A History of the Present Illness
Page 18
Until the boy’s fall, I had never considered that Josette might be at least partially right about my friend. Listening to Perla tell the story of that Wednesday on Bernal Hill, I was sure the rest of our group—Althea and Sumita are still around (and still together), Lamar was recruited to Stanford as the youngest department chair in that institution’s history, and the others, though spread across the country, keep in touch—would be as shocked as I was by Perla’s choices. They would wonder what physician, former or otherwise, wouldn’t immediately step forward to help an injured child. They would argue that the basics of resuscitation—airway, breathing, circulation—are like riding a bike, and even if Perla couldn’t remember how many compressions or how many breaths to give the kid, she at least should have started some kind of CPR. In other words, just like me, they would have missed the point.
* * *
It’s funny how random things can impact your life. Sometimes I wonder whether Perla would have told me about Dylan Hunter’s accident, much less gone into such detail, if we hadn’t had long-standing plans to hang out at my house that Saturday evening. Josette and our boys were spending the weekend with cousins in Fresno, a road trip that I, attending on the wards, had to miss.

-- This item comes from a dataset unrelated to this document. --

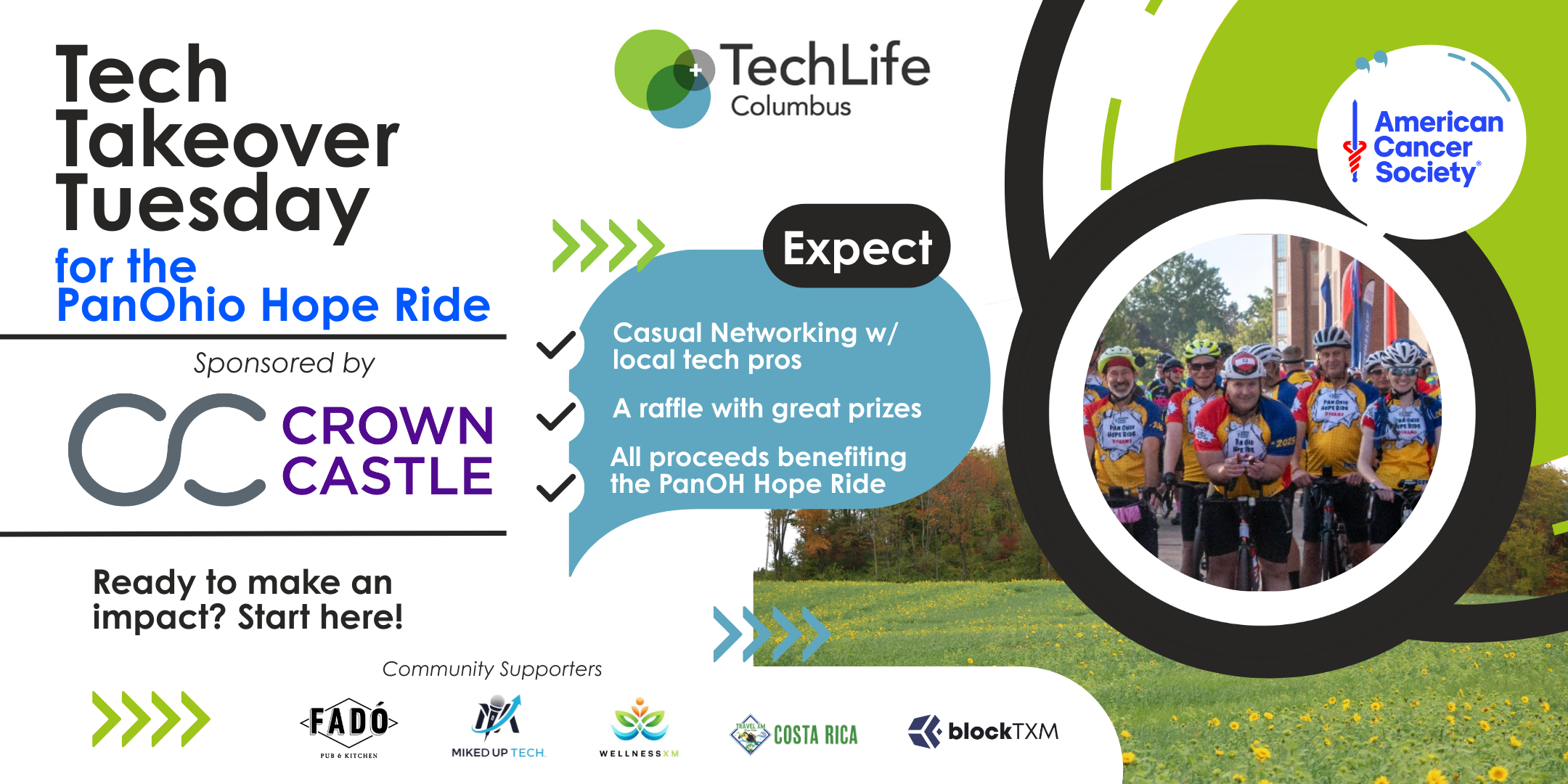 In partnership with Crowne Castle, we’re bringing the Central Ohio tech community together to raise funds and awareness for The American Cancer Society PanOH Hope Ride, a fully supported, scenic charity bicycle adventure across Ohio, traversing a variety of terrains with something for everyone.🚴🚴‍♀️ !

Perla sat across from me at my kitchen table as she told the story, a bottle of Napa Valley cabernet and a plate of artisanal cheeses between us. I tried to picture the characters and events she described so vividly: the dogs and the scream, the injured boy on the road, the cell phone woman and the man with twins, and, of course, Perla herself. When she finished, I felt certain she wanted me to find out whether the boy had survived, and if so, how he was doing. Because she had hesitated initially and then done little to help, I assumed that she didn’t feel comfortable calling the hospital.
“I’ll check the ER log for you tomorrow,” I offered. “Or, better yet, I’ll swing by the peds ICU.”
“Tomorrow’s Sunday,” she said.
“I’m on inpatient this month, so no days off.”
“Lucky you,” she said, laughing as she did each time I mentioned some of the less glamorous aspects of my work. “Anyway, there’s no need. I saw him this morning.”
I put down my wineglass. “You’re kidding.”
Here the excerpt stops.